Find the Galois closure of the field $\mathbb{Q}(\alpha)$ over $\mathbb{Q}$, where $$\alpha = \sqrt{1 + \sqrt{2}}$$.

Homework Equations

Um...the Galois closure of E over F, where E is a finite separable extension is a Galois extension of F containing E which is minimal.

The Attempt at a Solution

I've found that the minimal polynomial of $\alpha$ is $x^{4} - 2x^{2} - 1$ (at least I think. I'm having a heck of a time showing it's irreducible over the rationals but I'm willing to just leave that as an exercise for the reader, so to speak), and it's separable, so I know a Galois closure exists. But I can't figure out a good way to generate it.
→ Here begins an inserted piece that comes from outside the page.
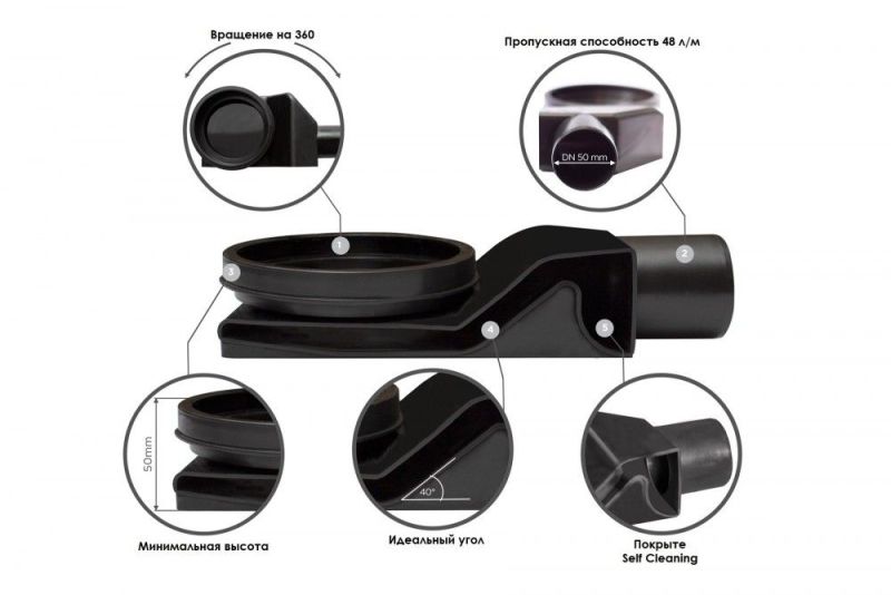 2. Материал: нержавеющая сталь AISI 304 SS дизайн-вставка, рамка; ABS корпус; PP переходник, сифон, грязеулавливающая сеточка, сухой затвор.

There are no examples of actually doing this explicitly in the book, though the proof of existence implies that you should take the intersection of all Galois extensions of F containing E. Or would finding explicitly the splitting field of the minimal polynomial be enough in this case? If so, could you guys help me out with that? This is kind of tricky.

 

[morphism]

Yes, finding the splitting field will be enough. You're just going to throw in the conjugates of $\alpha$, and that will make your extension normal. Can you guess what they are? One of them is obviously $-\alpha$. What about the other 2? Considering $\alpha^2$ will be helpful.

 

[Mystic998]

I believe the splitting field is just the original extension adjoin i. So that's handy. But it seems like that really shouldn't be the Galois closure. Why would any Galois extension of the rationals that contains $\mathbb{Q}(\alpha)$ have to contain i? It seems like it would only have to be a subset of the reals.

 

[morphism]

There's no reason it should be real at all. Think about it: any normal extension of $\mathbb{Q}$ that contains $\alpha$ will contain the conjugates of $\alpha$, so the minimal such extension is the one you get by adjoining these elements to $\mathbb{Q}(\alpha)$. And there's nothing saying $\alpha$ can't have non-real conjugates, just because it itself is real.

 

[Mystic998]

I think I understand... The splitting field is the minimal field that contains all the roots of the minimal polynomial, and anything that's Galois over the rationals contains all the conjugates of $\alpha$ (i.e., the roots of the minimal polynomial). So it contains the splitting field. Thanks!

Edit: Er...Galois over the rationals and contains alpha. Heh.